Transcribe the records word for word, beginning with the first line and ending with the line that contains "Yusuf kemudian melanjutkan"; include nothing else.

### Data to use ###

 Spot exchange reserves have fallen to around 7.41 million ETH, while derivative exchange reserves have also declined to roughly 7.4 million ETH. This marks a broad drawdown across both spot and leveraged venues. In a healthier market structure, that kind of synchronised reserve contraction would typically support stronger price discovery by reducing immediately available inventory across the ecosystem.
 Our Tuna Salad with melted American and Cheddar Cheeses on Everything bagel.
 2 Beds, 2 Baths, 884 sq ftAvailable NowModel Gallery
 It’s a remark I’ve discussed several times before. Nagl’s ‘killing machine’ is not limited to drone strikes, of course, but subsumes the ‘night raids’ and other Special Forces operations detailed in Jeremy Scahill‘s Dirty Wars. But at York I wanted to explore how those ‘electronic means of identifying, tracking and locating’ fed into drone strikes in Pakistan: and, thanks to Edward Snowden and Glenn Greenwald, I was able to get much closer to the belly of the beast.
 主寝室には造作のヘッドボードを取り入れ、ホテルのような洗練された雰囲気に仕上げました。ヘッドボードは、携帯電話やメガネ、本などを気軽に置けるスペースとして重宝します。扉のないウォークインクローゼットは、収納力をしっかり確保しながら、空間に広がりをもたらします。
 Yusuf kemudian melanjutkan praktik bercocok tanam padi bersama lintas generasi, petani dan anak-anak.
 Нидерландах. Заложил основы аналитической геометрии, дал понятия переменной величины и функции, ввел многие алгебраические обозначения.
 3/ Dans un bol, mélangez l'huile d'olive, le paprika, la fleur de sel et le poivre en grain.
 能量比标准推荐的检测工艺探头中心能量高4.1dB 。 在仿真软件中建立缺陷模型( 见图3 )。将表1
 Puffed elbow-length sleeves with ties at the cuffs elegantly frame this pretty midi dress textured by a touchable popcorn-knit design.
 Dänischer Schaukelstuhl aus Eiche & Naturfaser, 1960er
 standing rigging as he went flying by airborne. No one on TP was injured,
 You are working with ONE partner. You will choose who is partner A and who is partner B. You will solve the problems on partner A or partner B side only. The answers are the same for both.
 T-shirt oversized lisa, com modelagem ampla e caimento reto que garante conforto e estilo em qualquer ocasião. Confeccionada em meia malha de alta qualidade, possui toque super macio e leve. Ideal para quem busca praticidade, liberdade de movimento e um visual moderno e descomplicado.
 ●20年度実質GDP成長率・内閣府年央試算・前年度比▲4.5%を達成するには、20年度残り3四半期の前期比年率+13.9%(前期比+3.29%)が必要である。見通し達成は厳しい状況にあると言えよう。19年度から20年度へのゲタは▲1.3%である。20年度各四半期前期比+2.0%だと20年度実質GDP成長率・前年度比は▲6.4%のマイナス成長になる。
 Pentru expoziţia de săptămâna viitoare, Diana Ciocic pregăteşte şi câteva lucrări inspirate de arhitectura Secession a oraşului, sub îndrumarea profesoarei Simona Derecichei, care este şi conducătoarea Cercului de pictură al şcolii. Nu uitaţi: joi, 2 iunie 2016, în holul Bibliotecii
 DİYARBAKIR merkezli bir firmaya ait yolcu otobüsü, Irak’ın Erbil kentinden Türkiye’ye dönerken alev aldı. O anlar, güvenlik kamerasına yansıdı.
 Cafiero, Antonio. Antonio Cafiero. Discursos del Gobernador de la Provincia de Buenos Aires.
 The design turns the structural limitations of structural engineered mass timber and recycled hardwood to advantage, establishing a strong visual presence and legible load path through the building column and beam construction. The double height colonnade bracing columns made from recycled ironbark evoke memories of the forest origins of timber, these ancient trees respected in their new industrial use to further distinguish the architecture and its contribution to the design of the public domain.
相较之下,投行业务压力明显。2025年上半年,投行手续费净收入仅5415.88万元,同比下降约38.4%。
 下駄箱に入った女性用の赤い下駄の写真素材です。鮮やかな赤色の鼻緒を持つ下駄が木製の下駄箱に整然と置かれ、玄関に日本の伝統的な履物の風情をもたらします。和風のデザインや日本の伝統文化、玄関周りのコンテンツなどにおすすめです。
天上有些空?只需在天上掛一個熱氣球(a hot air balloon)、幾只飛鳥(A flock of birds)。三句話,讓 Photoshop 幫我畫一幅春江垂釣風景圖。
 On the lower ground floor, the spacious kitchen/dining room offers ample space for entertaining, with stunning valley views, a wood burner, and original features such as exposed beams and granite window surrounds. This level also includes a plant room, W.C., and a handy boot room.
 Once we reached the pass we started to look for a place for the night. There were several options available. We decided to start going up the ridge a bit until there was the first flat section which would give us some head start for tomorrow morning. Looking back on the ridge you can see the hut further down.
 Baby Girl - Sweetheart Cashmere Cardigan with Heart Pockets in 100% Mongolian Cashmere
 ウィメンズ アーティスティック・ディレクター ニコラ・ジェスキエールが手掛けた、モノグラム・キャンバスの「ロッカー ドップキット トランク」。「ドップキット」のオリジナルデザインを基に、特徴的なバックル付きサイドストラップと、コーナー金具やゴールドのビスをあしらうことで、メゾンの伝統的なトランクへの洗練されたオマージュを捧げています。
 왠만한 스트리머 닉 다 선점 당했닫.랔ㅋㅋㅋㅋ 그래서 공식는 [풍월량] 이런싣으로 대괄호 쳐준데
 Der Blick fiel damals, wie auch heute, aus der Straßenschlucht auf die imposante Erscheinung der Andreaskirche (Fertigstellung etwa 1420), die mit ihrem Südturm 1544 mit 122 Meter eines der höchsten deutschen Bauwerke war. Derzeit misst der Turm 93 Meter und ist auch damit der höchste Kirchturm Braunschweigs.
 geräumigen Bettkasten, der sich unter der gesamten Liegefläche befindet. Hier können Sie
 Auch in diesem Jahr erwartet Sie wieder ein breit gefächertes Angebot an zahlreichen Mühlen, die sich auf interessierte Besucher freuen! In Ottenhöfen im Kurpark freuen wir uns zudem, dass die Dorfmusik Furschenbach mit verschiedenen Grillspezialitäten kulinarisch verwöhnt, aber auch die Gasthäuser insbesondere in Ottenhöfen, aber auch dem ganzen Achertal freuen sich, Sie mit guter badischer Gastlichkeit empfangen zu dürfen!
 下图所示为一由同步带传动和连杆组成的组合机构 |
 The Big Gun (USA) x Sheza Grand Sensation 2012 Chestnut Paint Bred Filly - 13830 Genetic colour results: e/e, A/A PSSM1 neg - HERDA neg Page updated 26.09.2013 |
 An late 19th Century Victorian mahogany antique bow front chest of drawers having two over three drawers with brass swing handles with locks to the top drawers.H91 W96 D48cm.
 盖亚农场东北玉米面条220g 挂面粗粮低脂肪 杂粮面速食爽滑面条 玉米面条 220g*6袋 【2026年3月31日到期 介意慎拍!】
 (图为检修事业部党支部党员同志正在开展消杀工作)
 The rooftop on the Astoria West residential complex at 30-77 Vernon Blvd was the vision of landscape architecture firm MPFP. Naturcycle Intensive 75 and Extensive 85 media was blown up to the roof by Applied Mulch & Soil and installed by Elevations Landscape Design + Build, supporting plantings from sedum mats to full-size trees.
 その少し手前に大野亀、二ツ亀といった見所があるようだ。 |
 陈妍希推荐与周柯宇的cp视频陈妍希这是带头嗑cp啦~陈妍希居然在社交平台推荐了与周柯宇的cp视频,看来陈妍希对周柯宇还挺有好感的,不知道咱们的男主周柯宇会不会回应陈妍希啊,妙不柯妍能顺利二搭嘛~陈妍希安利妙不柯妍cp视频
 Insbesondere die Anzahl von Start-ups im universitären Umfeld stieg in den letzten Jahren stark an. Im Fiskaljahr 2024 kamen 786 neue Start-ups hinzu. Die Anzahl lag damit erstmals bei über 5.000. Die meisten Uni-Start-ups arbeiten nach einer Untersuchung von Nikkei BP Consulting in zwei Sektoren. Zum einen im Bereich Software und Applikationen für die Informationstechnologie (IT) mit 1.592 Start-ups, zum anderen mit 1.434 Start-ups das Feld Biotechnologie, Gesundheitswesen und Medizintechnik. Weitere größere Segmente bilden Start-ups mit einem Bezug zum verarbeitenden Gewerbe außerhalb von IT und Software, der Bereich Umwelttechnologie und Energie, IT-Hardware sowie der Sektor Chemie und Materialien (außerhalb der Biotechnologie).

###

» Expected output
 Spot exchange reserves have fallen to around 7.41 million ETH, while derivative exchange reserves have also declined to roughly 7.4 million ETH. This marks a broad drawdown across both spot and leveraged venues. In a healthier market structure, that kind of synchronised reserve contraction would typically support stronger price discovery by reducing immediately available inventory across the ecosystem.
 Our Tuna Salad with melted American and Cheddar Cheeses on Everything bagel.
 2 Beds, 2 Baths, 884 sq ftAvailable NowModel Gallery
 It’s a remark I’ve discussed several times before. Nagl’s ‘killing machine’ is not limited to drone strikes, of course, but subsumes the ‘night raids’ and other Special Forces operations detailed in Jeremy Scahill‘s Dirty Wars. But at York I wanted to explore how those ‘electronic means of identifying, tracking and locating’ fed into drone strikes in Pakistan: and, thanks to Edward Snowden and Glenn Greenwald, I was able to get much closer to the belly of the beast.
 主寝室には造作のヘッドボードを取り入れ、ホテルのような洗練された雰囲気に仕上げました。ヘッドボードは、携帯電話やメガネ、本などを気軽に置けるスペースとして重宝します。扉のないウォークインクローゼットは、収納力をしっかり確保しながら、空間に広がりをもたらします。
 Yusuf kemudian melanjutkan praktik bercocok tanam padi bersama lintas generasi, petani dan anak-anak.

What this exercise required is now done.